In one series, intrathoracic involvement occurred in 10% of AIDS patients with non-Hodgkin lymphoma (NHL).(90) Abnormalities include pleural effusions, hilar and/or mediastinal lymphadenopathy, perihilar reticulonodular opacities, and well-defined, rapidly growing nodules measuring 0.5-5.0 cm in diameter (Figure 1 and Figure 2).(91-93) At least 1 of these large nodules cavitated after therapy. There is a report of a case of primary pulmonary lymphoma presenting with atelectasis of a lung.(94) The radiographic appearance of multicentric Castleman disease in patients with HIV infection reveals reticular and/or nodular heterogeneous lung opacities, mediastinal lymph node enlargement, and, less commonly, pleural effusion.(95)

Although lung cancer has been described in patients with AIDS, it is controversial whether a cause-and-effect relationship exists.(96,97-99) One series included 22 young HIV-seropositive patients with lung cancer.(100) It is unclear whether these neoplasms are coincidental with HIV disease, or if they might be related to abnormal immune function. In another series, no difference in incidence of lung cancer in young patients was seen in pre- and post-AIDS era populations.(101) In another review, the authors concluded that, although AIDS patients present with lung cancer at an earlier age, a definite cause-and-effect link cannot be established.(102) A recent publication suggests that a higher risk of lung cancer in these patients may be due to a higher smoking prevalence.(103) Radiographic findings include mediastinal adenopathy, hilar and parenchymal masses, atelectasis, and pleural effusions.(104)

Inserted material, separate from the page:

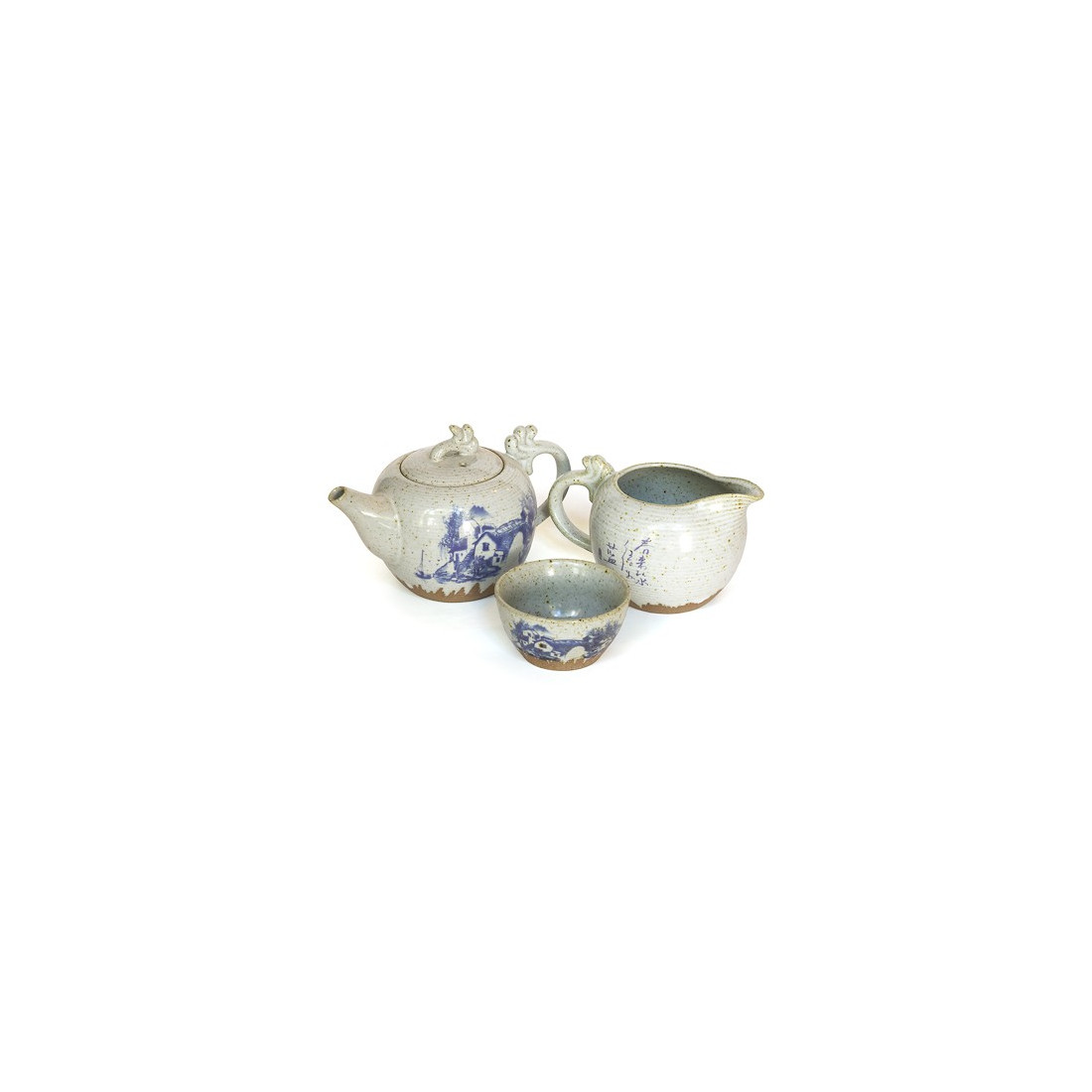 Керамічний набір в стилі тайвань. Зліплений із глини, покритий сірою емаллю в цятку, а поверх емалі нанесено зображення у традиційному китайському стилі.

Lymphocytic interstitial pneumonitis (LIP) is an index diagnosis of AIDS in the pediatric population. Chest radiographs reveal fine reticular or reticulonodular opacities in about one third of patients, coarse reticular opacities in about 12%, and combined heterogeneous and scattered homogeneous opacities in just over half.(105) The radiographic abnormalities remain stable throughout the course of HIV infection in 75% of patients. With time, lymphadenopathy may develop.(106) The chest radiographic appearance of LIP may be indistinguishable from that of PCP. CT demonstrates small nodules in a peribronchovascular distribution and ground-glass opacities.(107) HRCT may reveal perilymphatic and subpleural nodules when the chest film is normal.(108) Treatment with antiretroviral agents has produced a mixed response but certainly may lead to improvement in clinical and radiographic findings.(109,110)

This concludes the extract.